España, que no exterminó –como otras naciones– las razas indígenas en los territorios que conquistó, las elevó hasta sí. España fue la gran «blanqueadora de razas». Pasados dos siglos desde la conquista de América, los indígenas se habían tornado blancos. En América ya no hubo dos razas, la conquistadora y la conquistada. No hubo más que una: la que resultó de la unión de aquellas dos. Los americanos eran los hijos de los conquistadores, llegados de España. Los españoles no se han fijado en esa colosal transmutación, cuando hoy mismo en donde las razas indígenas no han desaparecido exterminadas, se conservan separadas por infranqueables barreras, las dominadoras y las dominadas.
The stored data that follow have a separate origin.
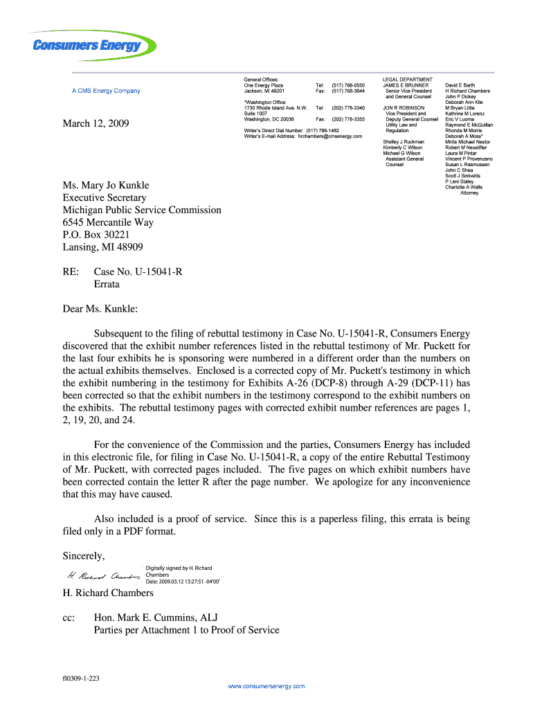 A CMS Energy Company and General Counsel ... David E Barth: H Richard Chambers. John P Dickey. Deborah Ann Mile. M Bryan Little.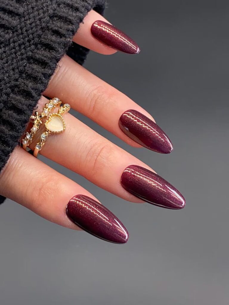 I love how these deep wine almond nails look so sleek and luxurious. The dark, glossy red is rich and intense without feeling harsh, and the almond shape gives it that classy, elegant silhouette. It’s the kind of mani that always feels stylish no matter the season.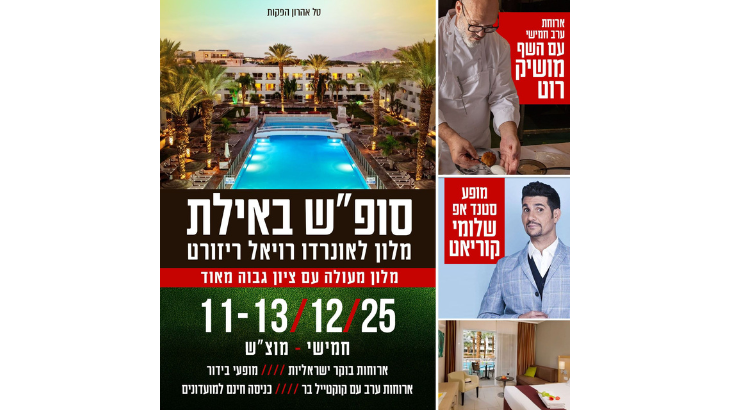 יום שבת 13/12/25 7:00-11:00 ארוחת בוקר 11:00 מוזיקה ישראלית בבריכה לשומרי השבת פינוי חדרים במוצש

España inundó América de iglesias y escuelas. Introdujo allí la imprenta, un siglo antes que Inglaterra en sus posesiones, editó gramáticas y catecismos en todos los dialectos indígenas; sustituyó el violento esfuerzo muscular de los pobladores con las bestias de carga, ruedas hidráulicas y artefactos industriales; enseñó a los indígenas los oficios propios de su condición, el beneficio de los metales, la fabricación de tejidos, el curtido de las pieles, etc; importó animales, semillas y útiles para la agricultura; adaptó a las circunstancias la gran institución española del Municipio; promulgó el maravilloso monumento de las Leyes de Indias; y encendió esos dos faros del saber: las Universidades de Lima y de Méjico. ¿Que hubo violencias? ¿Que hubo injusticias?. ¿Qué país colonizador puede mostrar sus manos limpias de sangre?. Ninguno puede presentar, fuera de España, al lado del abuso, su condenación en las vehementes palabras de Las Casas, en la defensa de los derechos naturales de los indios, hecha por el gran Vitoria, y en la prohibición de la esclavitud por Isabel la Católica.
¿Para qué le valió todo eso a España…?. España nunca ha sido colonizadora. Ha sido algo más: ha sido civilizadora. El modo infalible de que las colonias no se emancipen es mantenerlas en su condición de atraso e ignorancia.
Esto es un secreto a voces, porque todas las naciones con imperio colonial –a excepción de España– lo han practicado. Pues bien; en el caso de nuestra Patria (Méjico), ni siquiera se produjo la separación por ansias de libertad de las colonias, una vez civilizadas.
Y entonces, ¿cómo explicar la independencia americana…?. Nuestras hijas de América se separaron de España – paradoja exquisita y gloriosa – ¡por amor a España!. Cuando esta conclusión surgió ante mis ojos a la lectura de “La fin de l empire espagnol”, experimenté un deslumbramiento intelectual, y un estremecimiento de orgullo. Lo primero, porque la tesis era evidente; lo segundo, porque de ella resultaba España más grande aún de lo que yo la imaginaba en la exexaltación de mis filiales amores”.